**The problem:** Retype the listing exactly, with no images.

**Data block:**
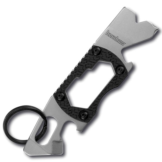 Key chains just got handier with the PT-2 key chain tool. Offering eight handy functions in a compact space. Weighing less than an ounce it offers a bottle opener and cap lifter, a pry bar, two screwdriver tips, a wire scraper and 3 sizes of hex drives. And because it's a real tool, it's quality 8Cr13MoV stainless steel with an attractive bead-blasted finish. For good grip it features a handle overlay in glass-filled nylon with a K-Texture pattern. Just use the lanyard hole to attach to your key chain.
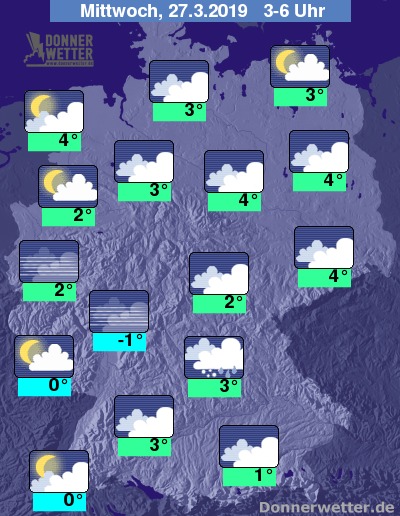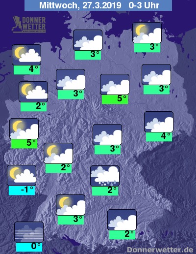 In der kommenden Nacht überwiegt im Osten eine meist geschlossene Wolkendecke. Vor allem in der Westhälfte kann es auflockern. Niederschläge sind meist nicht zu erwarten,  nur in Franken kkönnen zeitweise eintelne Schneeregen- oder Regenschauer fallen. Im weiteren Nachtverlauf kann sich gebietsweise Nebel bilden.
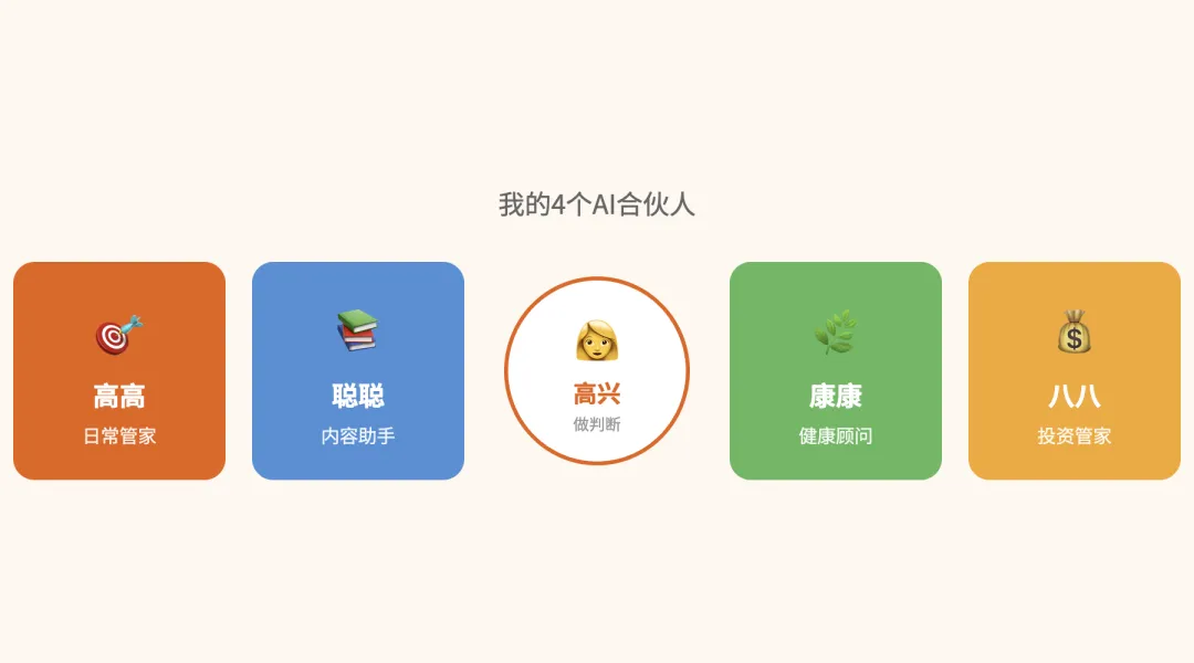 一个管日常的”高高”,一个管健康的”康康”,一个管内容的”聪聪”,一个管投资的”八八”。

**Response to the exercise:**
 Key chains just got handier with the PT-2 key chain tool. Offering eight handy functions in a compact space. Weighing less than an ounce it offers a bottle opener and cap lifter, a pry bar, two screwdriver tips, a wire scraper and 3 sizes of hex drives. And because it's a real tool, it's quality 8Cr13MoV stainless steel with an attractive bead-blasted finish. For good grip it features a handle overlay in glass-filled nylon with a K-Texture pattern. Just use the lanyard hole to attach to your key chain.
 In der kommenden Nacht überwiegt im Osten eine meist geschlossene Wolkendecke. Vor allem in der Westhälfte kann es auflockern. Niederschläge sind meist nicht zu erwarten,  nur in Franken kkönnen zeitweise eintelne Schneeregen- oder Regenschauer fallen. Im weiteren Nachtverlauf kann sich gebietsweise Nebel bilden.
 一个管日常的”高高”,一个管健康的”康康”,一个管内容的”聪聪”,一个管投资的”八八”。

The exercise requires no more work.